Department of Thoracic Surgery, Hôpital Cochin, APHP.CUP, Université de Paris, France.
Department of Chest Radiology, Hôpital Cochin, APHP.CUP, Université de Paris, France.
Lung Cancer. 2021 Jun;156:117-121. doi: 10.1016/j.lungcan.2021.04.024. Epub 2021 Apr 30.
Diffuse Idiopathic Pulmonary NeuroEndocrine Cell Hyperplasia (DIPNECH) is a rare disease often associated with carcinoid tumors. We aimed at evaluating the impact of DIPNECH on characteristics and prognosis of patients who underwent radical treatment of pulmonary carcinoid tumors.
We reviewed all patients operated on for curative-intent resection of carcinoid tumor in our department from 2001 to 2020. Cases exhibiting both pathological and radiological features of DIPNECH, as assessed by respective thoracic expert physicians, were analyzed separately.
172 cases of resected carcinoid tumors were identified, including 25 (14.5 %) harboring pathological criteria of DIPNECH and radiologic features like mosaic attenuation (92.0 %), multiple nodules < 5 mm (76.0 %), and mucoid impactions (32 %). In DIPNECH patients, major pulmonary resections were usually performed (92.0 %) and resected tumors were mostly classified as pT1 (92 %). Mean Ki67 staining was 3.7 ± 5.2 %. The early postoperative period was mostly uneventful (96.0 %) and 5-year survival was 92.9 ± 6.9 %. Compared to non-DIPNECH cases, we found that patients were older (mean 65.6 ± 9.3 versus 54.1 ± 17.9, p = 0.002), more frequently female (84.0 % versus 56.5 %, p = 0.009), and exhibiting diabetes mellitus (45.8 % versus 18.5 %, p < 0.001) or hypertension (45.8 % versus 24.1 %, p = 0.039). The rate of atypical carcinoid tumors was significantly higher in DIPNECH patients (40.0 % versus 19.9 %, p = 0.027), as well as rate of mediastinal lymph-nodes involvement (pN2+) (36.0 % versus 4.1 %, p < 0.001).
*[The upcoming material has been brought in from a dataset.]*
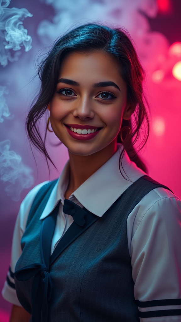 Professional portrait capturing Anya Taylor-Joy with a radiant smile, dressed in an elegant preppy schoolgirl uniform, showcasing her flawless features and olive skin tone amidst a mesmerizing backdrop of neon-lit smoke. The atmosphere is enriched by soft volumetric fog and subtle indirect lighting, enhancing the hyperrealistic quality. The image is intricately detailed, breathtaking, and presented in stunning 8k ultra-high definition, offering a contemporary twist with a hint of ethereal charm.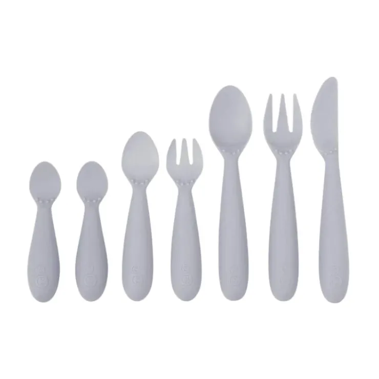 - Set includes Tiny Spoons (2-pack), Mini Utensils (spoon + fork) and Happy Utensils (spoon + fork + knife)

At multivariate analysis, only DIPNECH pattern and atypical histology were independent factors of pN2 invasion which was the only predictor of poorer prognosis on Log-Rank test.
Carcinoid tumors with proven DIPNECH are associated with negative pathological features and may deserve a dedicated perioperative management.
弥漫性特发性肺神经内分泌细胞增生症(DIPNECH)是一种罕见疾病,常与类癌肿瘤相关。我们旨在评估 DIPNECH 对接受肺类癌肿瘤根治性治疗患者的特征和预后的影响。
我们回顾了 2001 年至 2020 年期间在我科接受根治性切除术治疗类癌肿瘤的所有患者。由各自的胸部专家医生评估,具有 DIPNECH 的病理和影像学特征的病例分别进行分析。
共确定了 172 例切除的类癌肿瘤病例,其中 25 例(14.5%)具有 DIPNECH 的病理标准和马赛克衰减(92.0%)、<5mm 的多个结节(76.0%)和粘蛋白嵌塞(32.0%)等影像学特征。在 DIPNECH 患者中,通常进行主要的肺切除术(92.0%),切除的肿瘤大多分类为 pT1(92.0%)。平均 Ki67 染色为 3.7±5.2%。术后早期大多无并发症(96.0%),5 年生存率为 92.9±6.9%。与非 DIPNECH 病例相比,我们发现患者年龄较大(平均 65.6±9.3 岁比 54.1±17.9 岁,p=0.002),女性更常见(84.0%比 56.5%,p=0.009),并患有糖尿病(45.8%比 18.5%,p<0.001)或高血压(45.8%比 24.1%,p=0.039)。DIPNECH 患者中不典型类癌肿瘤的发生率明显更高(40.0%比 19.9%,p=0.027),纵隔淋巴结受累(pN2+)的发生率也更高(36.0%比 4.1%,p<0.001)。多因素分析显示,只有 DIPNECH 模式和非典型组织学是 pN2 侵犯的独立因素,是 Log-Rank 检验中预后较差的唯一预测因素。
证实患有 DIPNECH 的类癌肿瘤与阴性病理特征相关,可能需要专门的围手术期管理。